Plurality consensus sequences are returned in the main folder and are named after the virus genome or gene segment class label, see the IRMA output page for more details. The plurality consensus sequence is very useful when used with the BAM file to look at minor variants, since the most frequent allele will appear in the reference. A plurality rule was chosen over majority consensus because it is more inclusive for pattern matching purposes and does not assign strict thresholds for the dominant virus phase in the sample. Other parameters are available to restrict the quality of the consensus alleles as part of the amended consensus.
In case one has not read the paper, please note that IRMA is an iterative refinement meta-assembler, meaning it does iterative reference editing based on the observed read data, including substitutions and structural changes. The final plurality consensus and the final reference are the same sequence!
In addition to plurality consensus sequences, a variety of IRMA amended consensus sequences are returned in the amended_consensus sub-folder depending on the configuration. These sequences are modifications to the plurality consensus.
- The first type of amendment is base ambiguation for mixed alleles. If a minor variant is called and its frequency is ≥ MIN_AMBIG it will use the IUPAC code that combines the dominant and minority allele bases. For example, if the plurality consensus is A and the called minor variant is G at the same site with frequency greater than X% (whatever threshold), then the new allele at that position would be R. The thought process is that there is a frequency threshold where the mixture become significant or relevant, whether in a biological or statistical sense, that is up to the user.
- The second type of base amendment is for consensus allele quality control. IRMA uses both the average consensus allele quality score as well as the consensus allele coverage depth. If either value is below threshold, the base will be amended as an N. The corresponding configuration fields are MIN_CONS_QUALITY and MIN_CONS_SUPPORT respectively. One should take care to adjust these values based on the chemistry or platform. For example, long-read technology may have lower coverage depth, in general, than short-read technology. The coverage table will also be amended when consensus alleles fail to pass thresholds. Note: setting these values arbitrarily high will result in masking hard-earned data. Consider taking an evidence-based approach to finding the optimal setting for your platform.
- Optionally, if an HMM profile is provided in your module, one can use it to globally align the plurality consensus to the profile and also create an amended alignment. The alignment will create necessary deletion states relative to the HMM coordinate space; insertion states appear as lowercase letters in the sequence. The coordinate space is usually shared with the reference seeds in the consensus folder of the module. One must set ALIGN_AMENDED=1 for this option. Additional files with the suffix ".a2m" will appear in main folder for the plurality alignment and also in the amended_consensus folder. If one does not have an HMM profile, the modelfromalign and align2model programs are distributed with LABEL subject to the license for SAM. See the docs for usage.
- Amplicon dropouts can sometimes leave zero coverage regions where no in-read deletions were detected. It can be useful to differentiate these regions from deletions in the amended consensus. If one sets PADDED_CONSENSUS=1 (depends on ASSEM_REF=1 & ALIGN_AMENDED=1), a new file will be created with the suffix ".pad.fa". The sequence in this file pads putative amplicon dropout regions with N versus the amended consensus alignment. An algorithm sketch is as fellows:
- The ASSEM_REF option ensures the first final assembly round is against the reference seed, which for all modules we have created, is in the same coordinate space as the provided profile HMM. Given an amended global alignment also exists via ALIGN_AMENDED, one can attempt to detect dropout regions by reading in the SAM file and the amended A2M.
- Insertions are removed from the amended global alignment.
- Deletions in the global alignment are specially masked using "*".

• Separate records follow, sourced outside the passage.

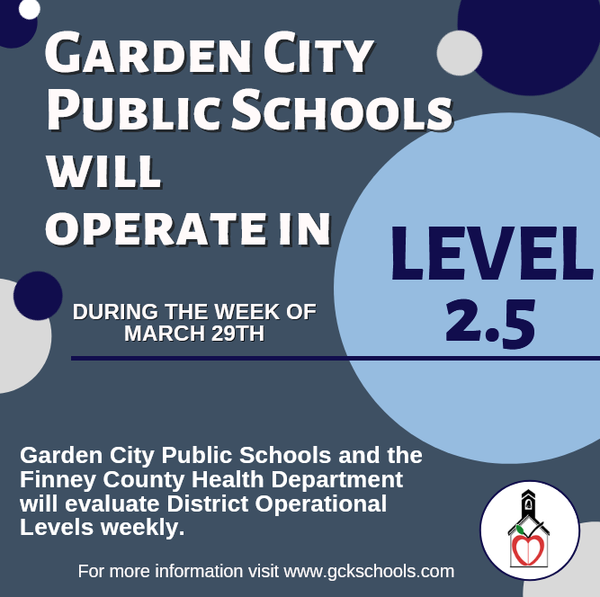 Garden City Public Schools is moving to Level 2.5 Protective Measures starting on Monday, March 29th, from the district operational plan, which was recently updated and approved by the Board of Education. Level 3.5 will be discontinued and masks will be required for all grades and staff at Level 3. Level 2.5 will have the same requirements of level 2, but will also require masks for all grades and staff. The district administration continues to work with the Finney County Health Department on determining the level of protection for students and staff in the district.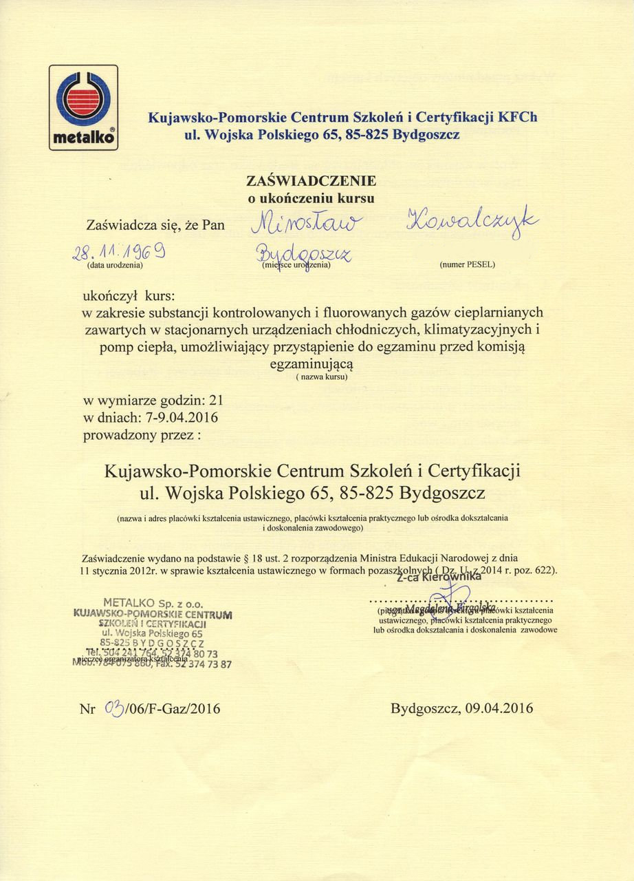 Certyfikaty Szukaj: SerwisujemyPompy ciepła Junkers Bosch Pompy ciepła Buderus Pompy ciepła Stiebel Eltron Aktualności Bosch Compress 4000 DW i 5000 DW Oszczędzaj do 70% energii! 26.08.2017 Nowe urządzenia Buderus Logatherm WPT 10.04.2017 Nowa pompa ciepła Stiebel-Eltron WPL 07-17 ACS classic 26.03.2017 Odwiedziło nas12 173 osób Posiadamy wszystkie niezbędne certyfikaty i uprawnienia. Potwierdzają to skany dokumentów zamieszczone poniżej. Czy wiesz jakie obowiązki nakłada na Ciebie ustawa F-gazowa? Możesz zlecić nam wszystkie formalności: rejestracje w CRO oraz pamiętanie o wszystkich przyszłych zobowiązaniach. Skontaktuj się z nami! Serwisujemy urządzenia takich marek jak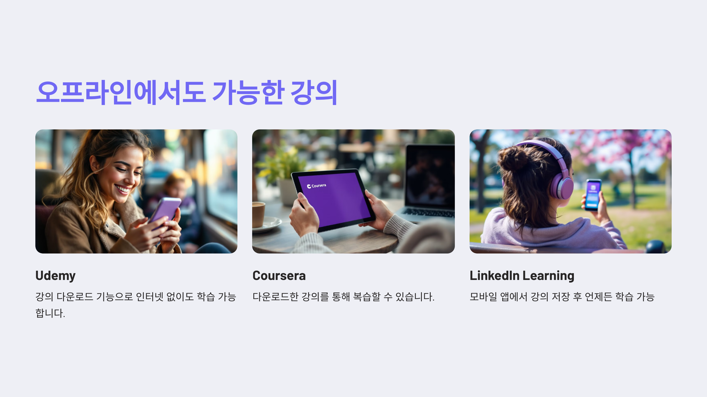 Udemy: 강의 다운로드 기능으로 인터넷 없이도 학습 가능합니다.

- The SAM file is processed and deleted regions spanned by reads are restored to deletions.
- Regions still containing the mask have zero coverage and are not necessarily due to deletion events.
- Regions flanking dropouts or low coverage masked regions are ambiguated except at the 5' or 3' end.
- Insertions are added back into the consensus
- The special mask is replaced by N bases ("N-padding").
- Deletions are now removed to create a contiguous, unaligned sequence.
- A new file is written with suffix ".pad.fa"
- Use of ALIGN_AMENDED generates an alternative coverage table (TARGET-coverage.a2m.txt) with coordinate mapping from the plurality consensus to the profile HMM coordinate space. Use of PADDED_CONSENSUS generates a tertiary coverage table (TARGET-coverage.pad.txt) that additionally coverts deletion states to padded states as applicable by the above algorithm. The HMM coordinates and alignment state columns are mapped in-place to the variants, allAlleles, insertions, and deletions table for convenience.